Using the IBM Optim Data Privacy for z/OS API to apply advanced masking

Edit online

The IBM® Optim Data Privacy for z/OS® advanced masking API enables you to apply masking policies to data values and return masked values. You can use this capability for advanced masking methods such as format-preserving encryption and tokenization, ensuring data privacy while maintaining usability.

To apply masking, use the following API endpoint:

POST /optim/v1/masking/text/process

The masking API accepts:

A masking policy that defines the masking method and format.
A payload containing input values to be masked.

The IBM Optim Data Privacy for z/OS API returns masked values in the response.

Request body structure

The POST body is a JSON object that includes the following objects:

policy

The policy object specifies the processor type (masking method) and format.

The processor type defines the masking method.

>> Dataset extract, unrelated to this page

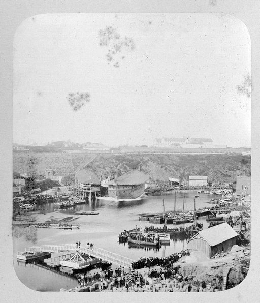 Vue de l'arsenal de Brest en 1880 : la Penfeld, les quais et les cales dite de la Boucherie. Lancement d'un navire de fort tonnage depuis la cale n° 1. Sur la falaise : les fortifications et la prison du BouguenImmatriculation
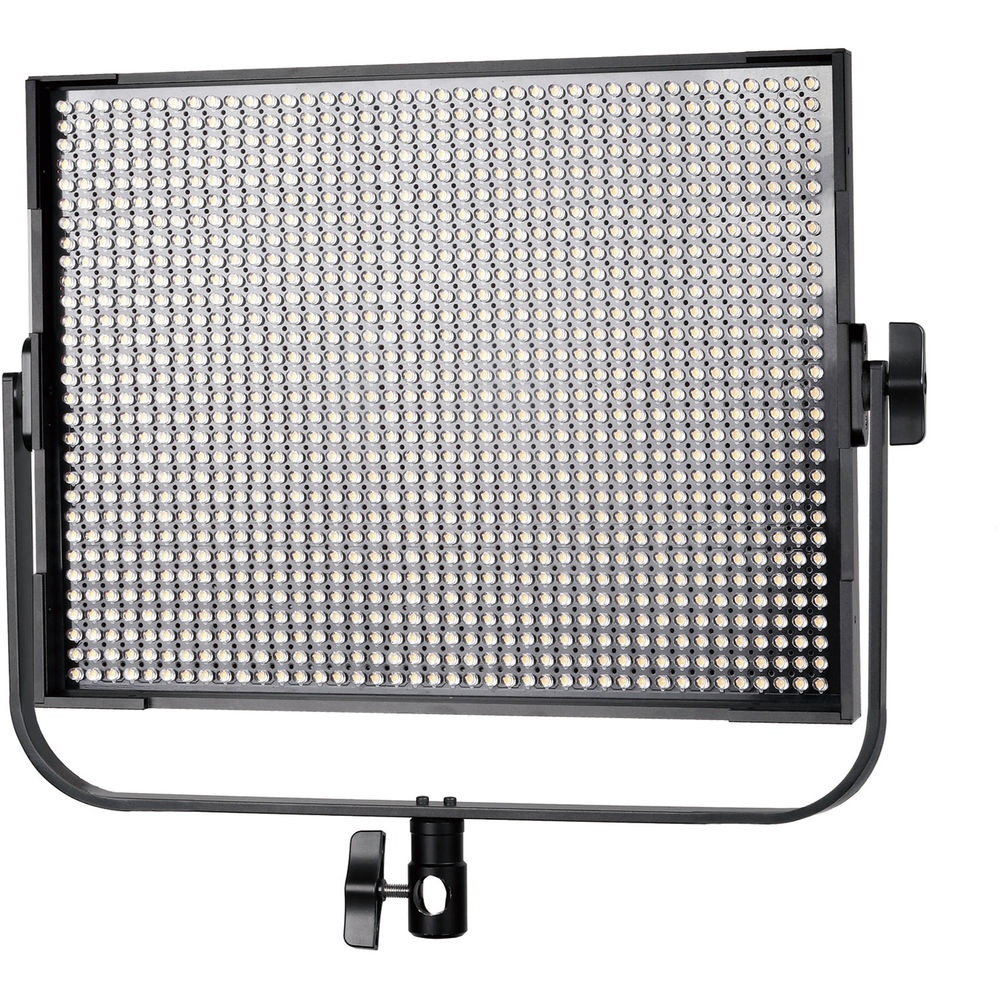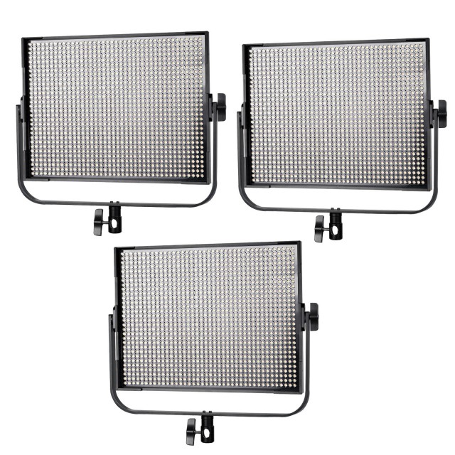 Juego de tres luces Viltrox VL-D85T. Luz LED bicolor de alta intensidad de 85 W con temperatura de color ajustable (en un rango de 3300 a 5600 K) e intensidad regulable (20-100 %; máx. 9300 lm, 7030 lx/1 m). Ofrece la posibilidad de control remoto inalámbrico (2,4 GHz, mando incluido) y la opción de alimentación mediante batería V-mount (batería no incluida) o fuente de alimentación externa (incluida). La configuración de los parámetros se facilita gracias a una pantalla LCD de fácil lectura. Dimensiones: 394 x 364 x 58 mm; peso: 2860 g.

Different processors have different behaviors, such as input validation and repeatability. The processor type is defined in policy.processors[0].type.
The format specifies the domain of values, such as government identification numbers or credit card numbers. The format is required for some processors. The format is defined in policy.processors[0].configuration.format.

Note: To get a list of available masking methods and formats, submit the following API endpoint:

GET /optim/v1/masking/types

payload

The payload object contains an array of input values to be masked.

Optional fields:
- iv: Initialization vector (seed for value generation).
- key: Encryption key (required for certain processors).

Processor requirements

Processors have different request body requirements.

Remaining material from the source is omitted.